Ortada tek aday bile yok, kimse yarışmıyor, kimse eleştirmiyor, genel başkanın gösterdiği kişiler sözde oylanıyor ve bunun adı demokrasi şöleni oluyor.

Bu milletin bir bölümü her söylenene inandıktan sonra AKP’nin kongresi için “demokrasi şöleni” demekte sakınca yok elbette.

ÇOK GÜLDÜM

Bu pazar yine üç fıkramız var 

Bu hafta Yıldırım Tuna’dan üç fıkra geldi.

Gelin birlikte okuyalım;

 Hedef paspas

İşe yeni girip mahalleye süt dağıtmaya başlayan genç delikanlı, bir eve geldiğinde, üzerinde şeffaf gecelik bulunan, içerisinden incecik külotu görünen tarif edilemez güzellikte bir kadın, davetkar bir gülüşle kapıyı açmış ve sütü almış..
İşe ilk başladığı pazartesinden cuma gününe kadar bu böyle her gün devam etmiş..

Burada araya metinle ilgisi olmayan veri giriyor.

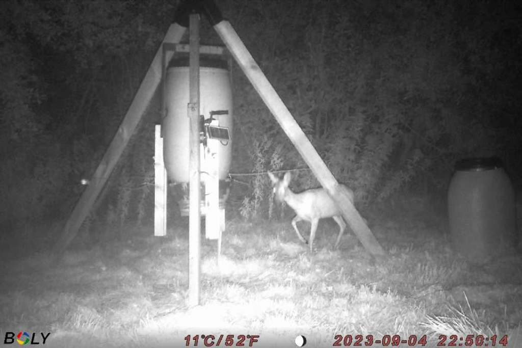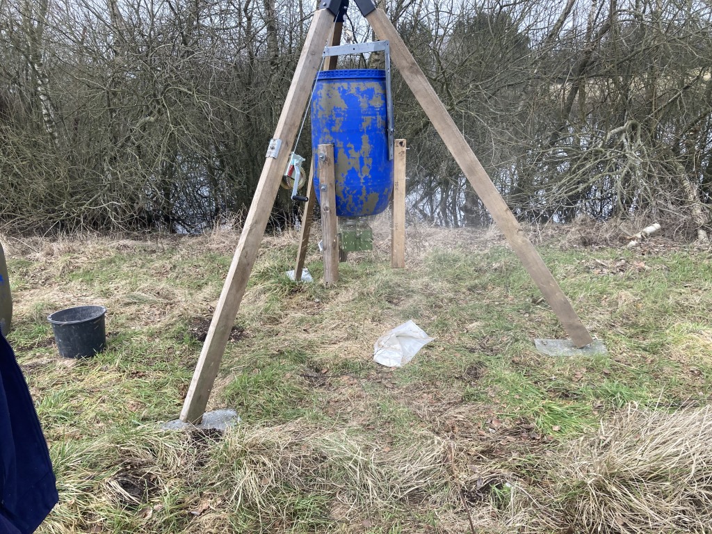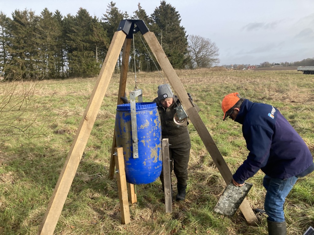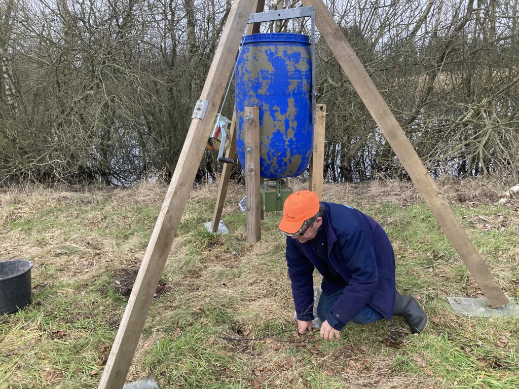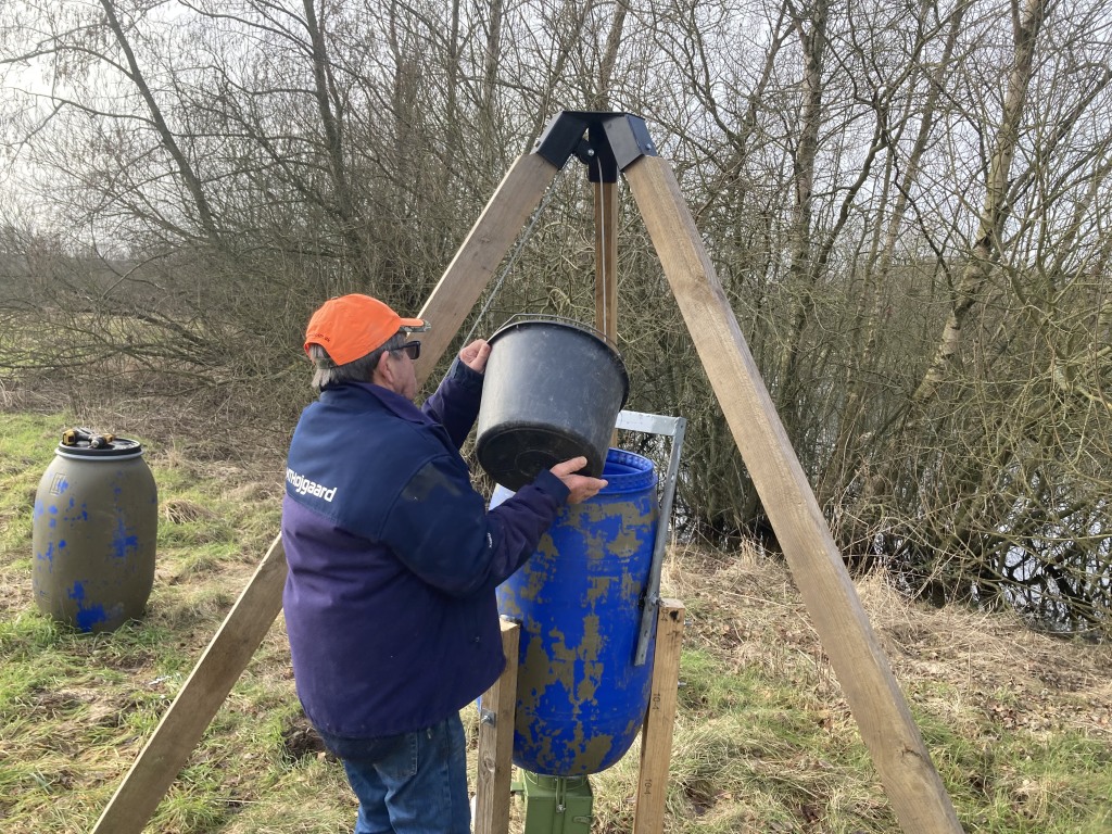 Så blev den nye, automatiske fodertønde etableret på reviret.
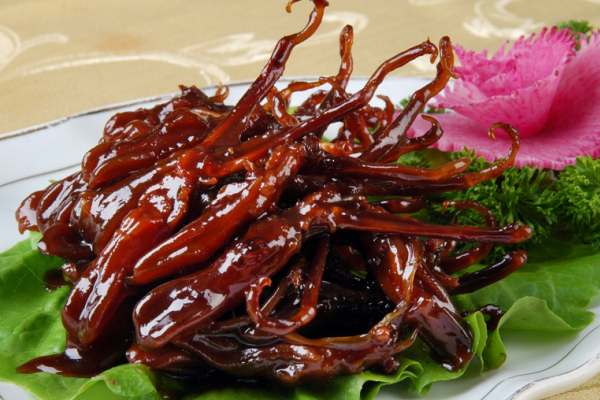 制作:將鴨舌泡入調料腌制2個小時,撈出將鴨舌風干,蒸熟即可。
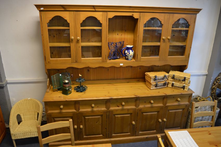 Pine Dresser with Glazed Cabinets - 7ft Length x 6ft 5" High

Cumartesi sabahı, bütün bir hafta sabahlara kadar gördüğü rüyaların azgınlığı ile artık kararlı sütçü kapıya yanaşınca, güğümü yere koymuş, pantolon ve külotunu indirmiş, en nazik yeri ortalıkta, yalnız ve seksi kadın kapıyı açınca gördüğünden etkilenecek ve içeride birlikte olacaklar,
fantezisi o..

Çalmış zili. Kapıyı 150 kiloluk, her bir kolu ağaç gövdesi gibi iki metre boyunda dev gibi bir adam açmış. “Şeyy!” demiş sütçü adamı görür görmez titremeye başlayarak, “Bugün de süt parasını ödemezseniz, vallahi paspasınıza çişimi yapacağım!..”

Ceket seçimi

Yaşlı adam kız torununa hediye olarak bir ceket almak istemiş, bir sürü model arasından hangisi olacağına karar veremeyince reyondaki genç tezgahtara “Delikanlı, yardım et bakalım.  Genç bir kız var, bu gece onunla buluşacaksın ve ona hediye bir ceket almak istiyorsun. Nasıl bir şey seçerdin?” diye sormuş.
“Valla, kurşun geçirmez bir şey alırdım” diye cevap vermiş genç adam. “Ben evliyim de!”

Makyöz

Adam düğün gecesinin sabahında eşinin gelin makyajını yapan makyözün çalıştığı güzellik salonuna giderek ona herkesin gece yarısı kuyruğa girip saatlerce sıra bekledikten sonra satın alabildiği son model cep telefonunu jelatinli paketiyle hediye etmiş.

Makyöz çok şaşırmış, heyecanlanarak teşekkür etmiş, paketi elleri titreyerek açıp içinde Nokia 1100’ü görünce anında çökmüş, morali bozulmuş.

Adam gülümsemiş “Oh olsun!” demiş, “Bu sabah karımı gördüğümde hissettiğim duygunun aynısı bu işte!”